Arctique : Une zone d’intérêts multiples

 

Gisements de ressources pétrolières, minières et halieutiques, l’arctique coalisent de nombreux intérêts et pour les mêmes raisons, alimentent toutes les inquiétudes. L’autre grande raison pour laquelle elle concentre autant d’attention est celle du transport maritime.

Située à mi-chemin de l’Europe et du continent nord-américain, à la convergence des océans Atlantique et Pacifique, ce territoire, grand comme 38 fois la France mais d’un peu moins de 5 millions d’habitants, cristallise depuis plusieurs années les intérêts. En témoigne l’existence de plusieurs rendez-vous devenus annuels, courus par toute la planète, tel « Arctic Frontiers » où se croisent plus de 1 500 représentants de la communauté scientifique et des milieux économiques d’une trentaine de pays. Mais aussi le Forum sur l’Arctique, qui s’est tenu cette année à Arkhangelsk, grand port sur la côte russe, où s’est notamment fait remarquer une importante délégation chinoise. L’arctique a tout pour intéresser (et inquiéter les ONG). La région serait riche de 15 % des réserves mondiales de pétrole et 30 % du total mondial de gaz. Sans compter ses ressources halieutiques et minières – or, diamants, étain, plomb, zinc, nickel, fer, uranium –, ces minerais qui précisément jouent un rôle nodal dans les industries de haute valeur ajoutée. Dans un contexte où sont chroniquement évoqués le tarissement des énergies et le besoin dit « vital » de renouveler les réserves, a fortiori pour la Russie où les ressources en hydrocarbures au Sud et au Sud-Ouest s’épuisent, l’Arctique est l’une des rares « nouvelles frontières » où les compagnies pétrolières espèrent effectuer des découvertes majeures.

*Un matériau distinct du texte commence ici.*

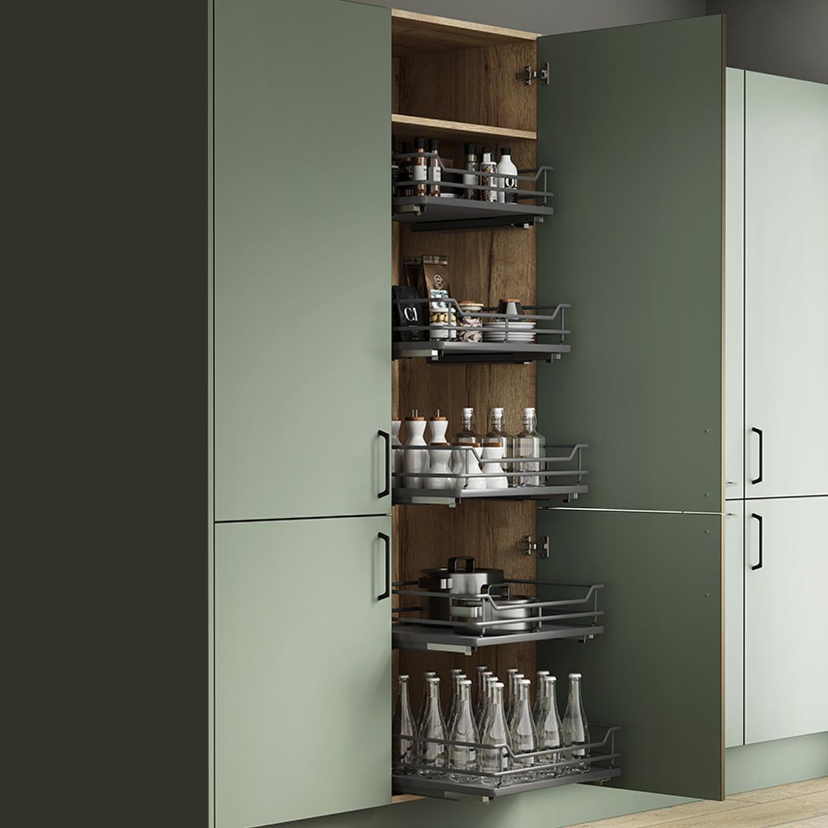 The premium product added to Buller’s already comprehensive offer of wire work storage solutions are these solid base pull-out basket drawers complete with soft close. The drawers are designed for use in kitchen cabinets constructed from 18mm board. Available in anthracite wipe clean solid base & a full range of sizes from 300–1000mm

L’autre grande raison pour laquelle la région concentre autant d’attention – a fortiori des pays aux premières loges, la Russie le long de la façade sibérienne à l’Est et le Canada le long de ses côtes à l’Ouest –, est celle du transport maritime.

La fonte accéléré des glaces polaires en raison du réchauffement climatique ouvre de nouvelles voies entre l’Europe, l’Extrême-Orient et l’Amérique du Nord. Fantasmé ou pas, cet océan de 13 millions de km2, recouvert par une couche de glace dont l’épaisseur et l’étendue varient, permettrait de rallier l’Europe du Nord et l’Asie par un raccourci maritime de 6 000 km, soit un gain de 18 à 20 jours par rapport au passage par le canal de Suez et Malacca. Mais faisabilité technique et praticabilité commerciale ne sont pas automatiques.

Huit nœuds portuaires

Manifestement, la Russie, certes la mieux placée pour profiter de la navigation arctique (l’exploitation des ressources a d’ailleurs été le principal moteur des investissements russes pour y ouvrir la navigation en été comme en hiver), espère tirer profit du développement du transit international. Elle s’en donne les moyens, en tissant un véritable système portuaire sur sa façade arctique, avec construction de ports « Greenfield » et modernisation des infrastructures existantes. Actuellement, seuls huit ports sont libres de glaces toute l’année, les autres ne sont utilisables que de juillet à octobre. Aucun des ports russes longeant les côtes sibériennes n’a toutefois atteint un jour la pleine capacité, à l’exception de Mourmansk, terminal pétrolier d’exportation majeur dans l’Arctique pour alimenter la Sibérie à travers les fleuves (Ob, Ienisseï, Lena), de Petropavlovsk-Kamtchatski et de Doudinka (rive droite de l’Ienisseï).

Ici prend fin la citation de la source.